The objection that the bill interferes with rightful State legislation is not sustained by a careful consideration of the bill. If the United States may lawfully define the civil rights of their citizens no State can lawfully impair those rights. The bill leaves the legislative discretion of the States unlimited by any thing but the fundamental civil rights of all citizens which the nation itself protects; and it gives the United States courts exclusive jurisdiction under an express clause of the Constitution.

But the most extraordinary objection urged by the President is that the Civil Rights Bill undertakes to settle questions of political economy. It is not easy to see precisely what is meant by this statement. The bill provides that all citizens shall have the same right to make contracts, to sue and be sued, to give evidence, to inherit and convey property. Is
this settling questions of political economy?  We should as soon have suspected that it was an attempt to solve astronomical problems.  

But the serious objection to the veto lies in the fact, which is evident throughout, that the
President thinks enough has been done to redeem the sacred honor of the United States, not of the separate States, pledged to the emancipated class.
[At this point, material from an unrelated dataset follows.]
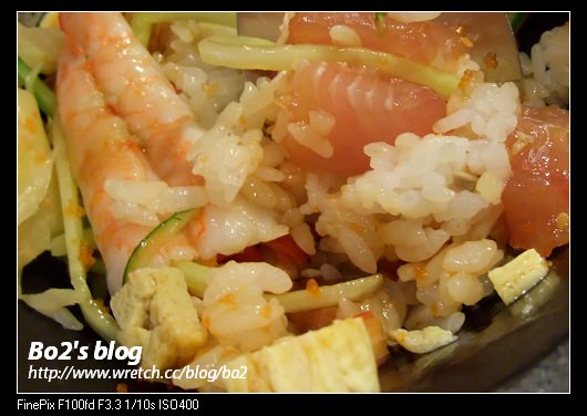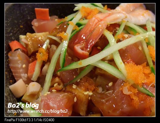新鮮的鮪魚.旗魚肉切成小塊狀.加上切丁的煎蛋及蟹肉.再加上魚卵..上頭淋上自家醬料..醬汁分佈稍嫌不均..有點小鹹…
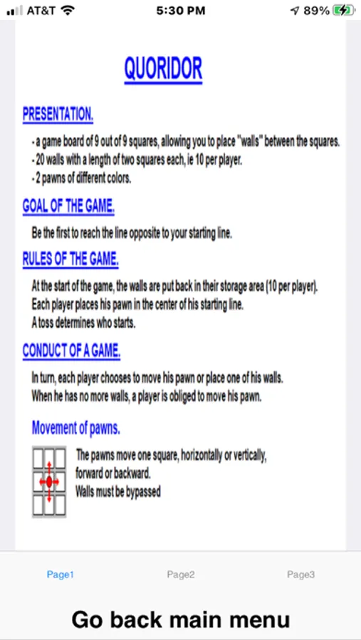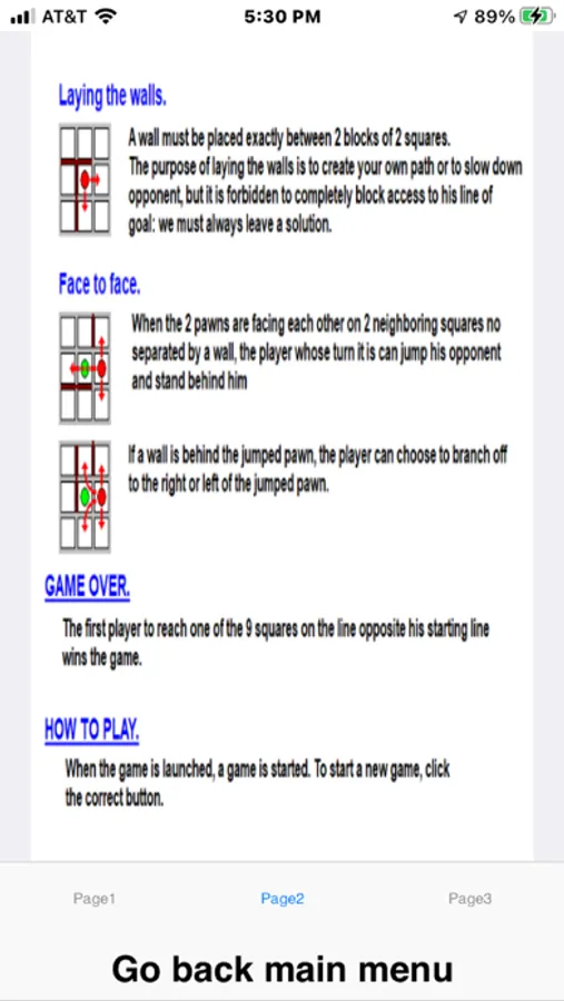Pawns can be moved to any space at a right angle (but not diagonally). If adjacent to another pawn, the pawn may jump over that pawn. If an adjacent pawn has a third pawn or a wall on the other side of it, the player may move to either space that is immediately adjacent (left or right) to the first pawn. Multiple pawns may not be jumped. Walls may not be jumped, including when moving laterally due to a pawn or wall being behind a jumped pawn.

He says indeed that he will cooperate with Congress to protect them; but Congress has maturely considered and presented two methods of protection, and he rejects both. What is the President's plan?  Is it to leave them to the Black Codes? Is it to call them free, thereby exasperating the late masters, and then suffer those masters unchecked to forbid them to own property, to bear arms, to testify, and to enjoy any of the rights of freedom? Is it to trust to time, and to hope that when the present generation, to whom we gave our word, is exterminated, some kind of justice may be done their posterity by those who come after us? The present danger to the Union is not in the direction feared by the President. It is not from the United States doing a simple Constitutional act of justice; it is from the States perpetuating the old injustice from which our troubles sprang. State rights interpreted by slavery brought us bitter alienation and bloody war. State rights interpreted by liberty can alone give us Constitutional unity and enduring peace.
Harper's Weekly, April 14, 1866, page 226 (Editorial)

Note:

President Andrew Johnson’s veto of the Civil Rights Act of 1866 and other major pieces of Reconstruction legislation had an unintended twofold effect. His actions radicalized Congress and public opinion over Reconstruction policy, and they generated hostility against the president which culminated in his impeachment.